写作|专访︱郭强生:每个文本里都有一个“鬼”,重要的是诚实面对( 六 )


郭强生:当然没有坏处——从政治上的动能来讲 , 从象征意义上的可见度也好 , 但是关键在于真正的实践其实没有那么快 。 美国1980年代还没有同志婚姻这个说法 , 他们还处在恐惧艾滋病的时期 , 还在争取人权的时候 , 但是我那时候就会看到在纽约的同志社群里 , 60、50、40、30、20岁的人都有 , 那是社群本身的多样性 , 你也就看到很多五十多岁的人和他的伴侣在一起20年 。 所以 , 在这样的环境下 , 他们的同志婚姻 , 在我看来 , 早已经正常化 , 最后只是补上一个就地合法而已 。 那已经在他们的日常生活中了 , 大家都是习以为常的状态 。 可是现在 , 我不知道为什么讲到同志文化 , 尤其在台湾地区 , 看到的永远都是二十多岁的年轻人 。

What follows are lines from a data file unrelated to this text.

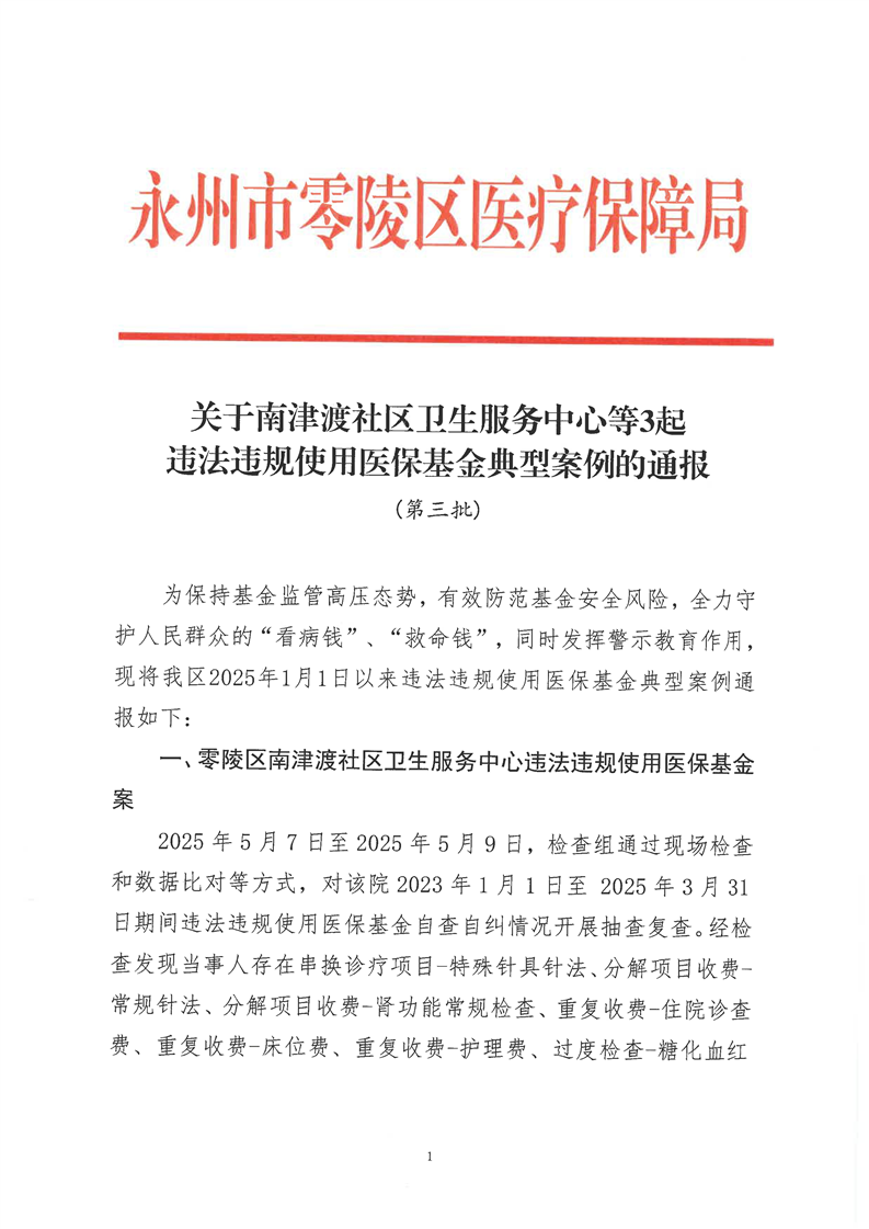 关于南津渡社区卫生服务中心等3起违法违规使用医保基金典型案例的通报
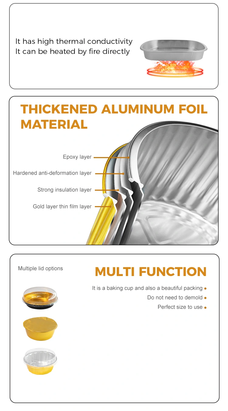 It is the perfect packaging for egg tarts, brownies, cupcakes, single slices of pizza or flaky pastries. The insulation property of the aluminum foil helps to maintain the warmth and soft texture of the pastries right after they are baked; it perfectly retains the flavor and is suitable for takeout from bakeries and cafes.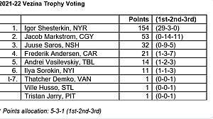 Igor Shesterkin was named the winner of the Vezina Trophy on Tuesday night. The New York Rangers goaltender won the trophy following an incredible 2021-2022 season where he led the league in goals-against average (2.07) and save percentage (9.35). His 36 wins were sixth in the NHL. Shesterkin won the award in his first season playing 50 or more games. He is the 16th goaltender to win the Vezina Trophy in their first season playing 50-plus games and the first since Tuukka Rask (2013-14 – 58 GP).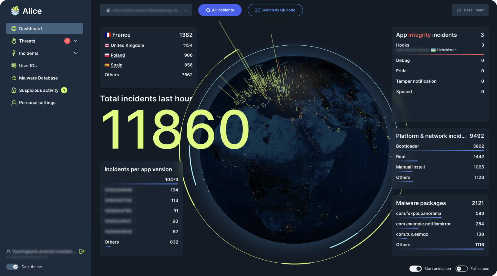 Alice Threat Intelligence is a key component for mitigating modern attacks against mobile applications and user data. The latest version introduces a redesigned Dashboard UI that provides real-time visualizations of prevented attacks and correlated threat activity across devices.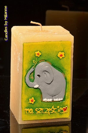 Olifant kaars GROEN Vierkant, H: 12 cm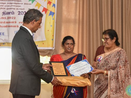 International women’s day -2022 was celebrated on the 8 th of March 2022 at the training center of District Secretariat Kilinochchi. Prof.S.Srisatkunarajah, Vice-chancellor, University of Jaffna was the chief guest, and Mrs.R.Keetheeshwaran, Government Agent, Killinochchi was the special guest of this event. Director and the members of the CGEE University of Jaffna, Staff of the District Secretariat, Killinochchi, women development officers, Community Based organizations, JSAC representatives, UNHCR representatives, and the public participated in this event. The selected women who struggled, faced life challenges, succeeded, and contributed to the social and economic development of their village were appreciated and recognized via the ‘successful women’ award 2022. Prizes for the women contest winners who participated and won the first three places in Art, Poetry writing, Karam, Thachchy, the musical chair held on 4th of march were given on the same day. There was an exhibition of products made by the women entrepreneurs of the Kilinochchi district.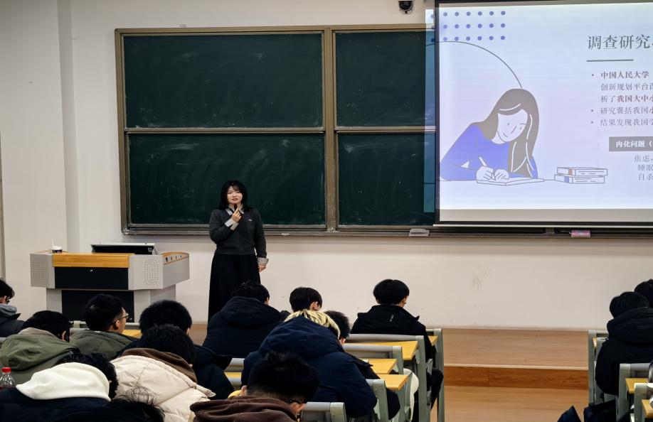 左宛玉老师以“携手同行,共赴前方”为主题,结合权威调研数据与真实案例,系统解析了当前学生心理健康现状。数据显示,我国大中小学生心理健康问题内化检出率达20%,外化检出率11.7%,涵盖焦虑、抑郁、睡眠障碍、自我伤害等多种情况,且近年来学生心理疾病确诊比例呈上升趋势。这一现状让在场学生骨干深刻认识到,心理健康工作既是责任所在,更是迫切需求。
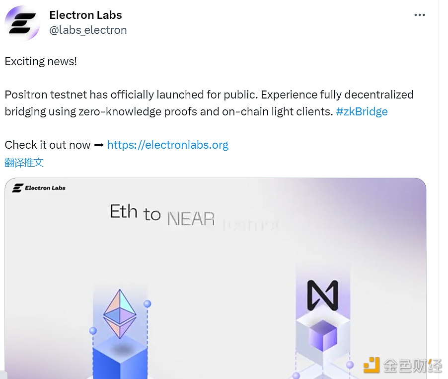 利用零知识轻客户端的跨链协议技术公司Electron Labs宣布正式公开启动Positron测试网,Positron是连接以太坊和NEAR区块链的测试网桥,允许用户在Goerli上存入Electron Demo TGate.ions(EDT)并在NEAR测试网上接收铸造的代币。Electron Labs此前从NEAR收到一笔赠款来利用ZK构建跨链桥,该协议使用链上轻客户端零知识来验证交易的有效性。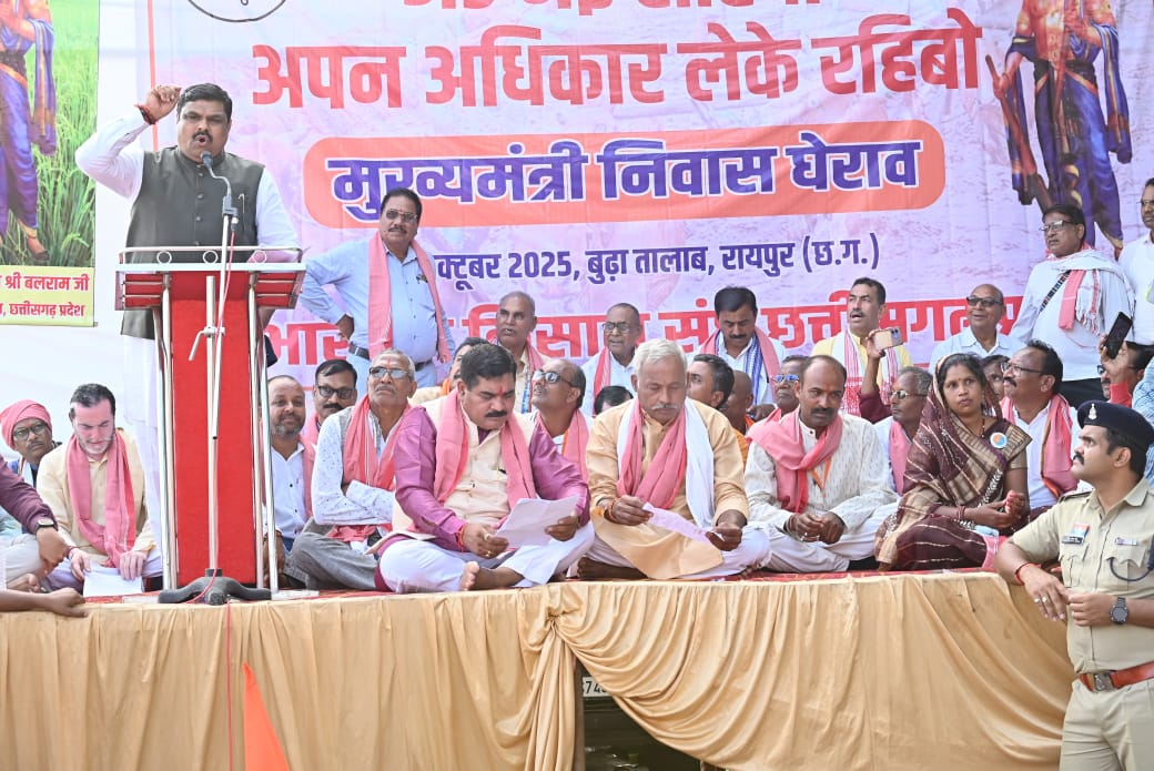 रायपुर। भारतीय किसान संघ छत्तीसगढ़ प्रदेश के द्वारा आज बूढ़ा तलाब स्थित धरना स्थल पर आंदोलन किया गया था। जिसे देखते हुए मुख्यमंत्री विष्णुदेव साय के मार्गदर्शन में शिक्षा मंत्री गजेंद्र यादव आंदोलनरत भारतीय किसान संघ के प्रतिनिधि मंडल से मुलाकात की और उनसे उनकी समस्याओं के संबंध में जाना। जहां बिंदुवार सभी नौ सूत्रीय मांगों पर उन्होंने प्रतिनिधियों से सहानुभूतिपूर्वक सभी मांगों के संबंध में चर्चा की। इसके बाद वे बूढ़ा तलाब स्थित धरना स्थल में पहुंचे। जहां बड़ी संख्या में आये किसानों ने मंत्री श्री यादव का अभिवादन किया।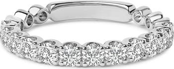 Experience the unending circle of love with this exquisitely crafted wedding band, forged from radiant 14k gold and enhanced with a lustrous rhodium-plated finish to evoke timeless elegance. This band proudly parades a constellation of 14 natural, round-cut diamonds, each meticulously set in a secure 4-prong setting that reflects every flicker of light in a dazzling dance of brilliance. These stunning gems, totaling a full carat, are graded I-J for color and SI2-I1 for clarity, ensuring a shimmer that captivates the heart with its pure and fiery glow. It offers a grand celebration of matrimonial promise, making it not just a piece of jewelry but a token of your everlasting love.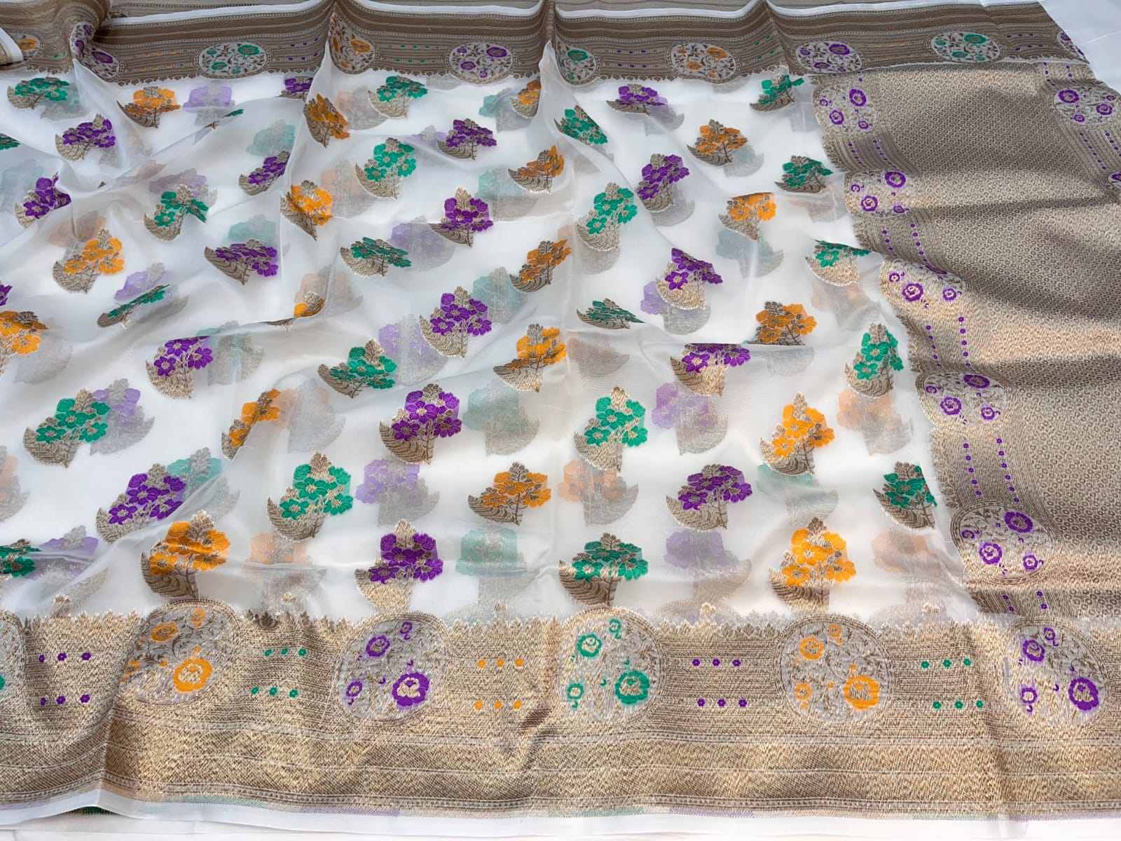 Pearl White Banarasi Handloom Kora Organza Silk Meenakari Saree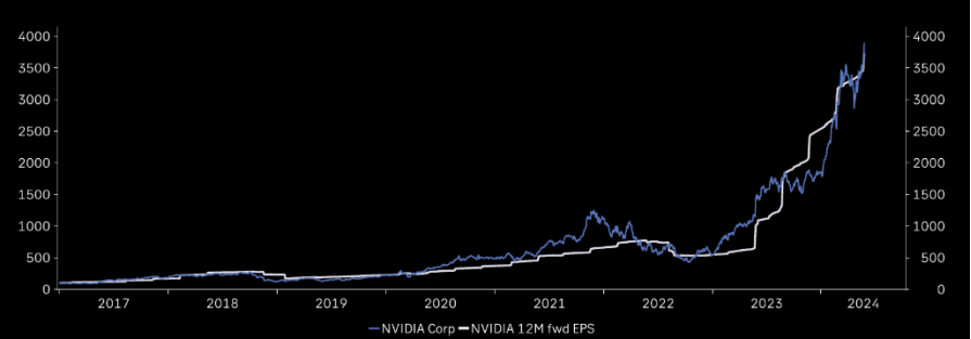其实,回顾英伟达股价的这一轮暴力上涨,是具备业绩支撑的。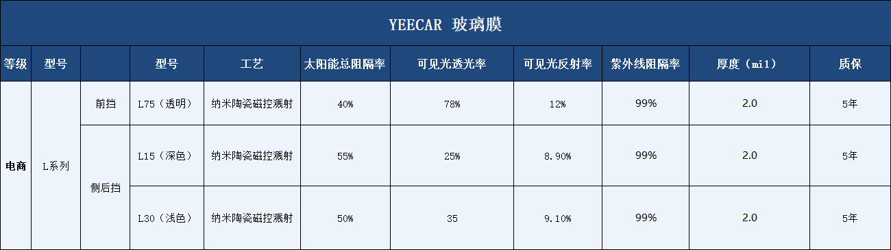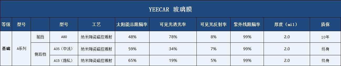艺卡YEECAR陶瓷膜总共有2款,分别是线下款A系列以及电商款L系列,其中A系列是艺卡玻璃膜的明星产品,相对于其他品牌中隔热效果一样的要便宜一些。那么,针对与这两款要怎么选择呢?一起来看看吧

同志婚姻合法化当然有它的意义在 , 但是它同时要有很多配套 。 台湾已经通过四五年了 , 也并没有接下来的讨论 。 如果说两人相爱可以成家 , 很现实的问题 , 税务、财务、继承 , 这些要怎么处理?如果他们想要有小孩的话 , 接下来会怎么办?小孩生下来教育问题怎么办?这样的小孩将来怎么去念书?在学校里怎么办?这些问题都已经解决了之后 , 美国才有同志婚姻合法化这一关 。 台湾在2017年就确定同性恋合法了 , 可我至今还没有收到一张同志的婚礼喜帖 。
某种程度上 , 整个大环境还是有顾忌的 。
另外一个好笑的 , 我曾经问过一个年轻的学生 , 说你很棒 , 每天去静坐 , 去抗议 , 你这么支持同志婚姻 , 那么你要结婚吗?他说 , 不会 。 我说你跟你家里人出柜了没有?他说 , 没有 。 我问为什么?他说 , 我怕我父母伤心 , 会受不了 。 我就有点开玩笑地说 , 你的父母会伤心 , 别人的父母就不会伤心吗?你这是什么双重标准呢?所以有点混乱 。
同志议题有时候会变成一个牌楼放在那 , 我以为年轻一代现在会比较能够开放地去面对 , 其实并没有 。 他要当同志 , 就离家到台北 , 跟家里切割 , 很分裂 , 并没有真的整合 。 一个同志的人生里 , 每一块都要能够落到定位 , 我觉得 , 那这个身份才是真的身份吧 。 所以你知道 , 当时说医疗系统有了伴侣就可以签字放弃急救 , 那是理想的状况 , 你不要说同志了 , 现在我们很多父母已经签了不急救协议 , 多数的子女也都尊重 , 但是只要里头有一个子女来医院闹 , 医生就不敢不急救 。 这就是我们的民情 。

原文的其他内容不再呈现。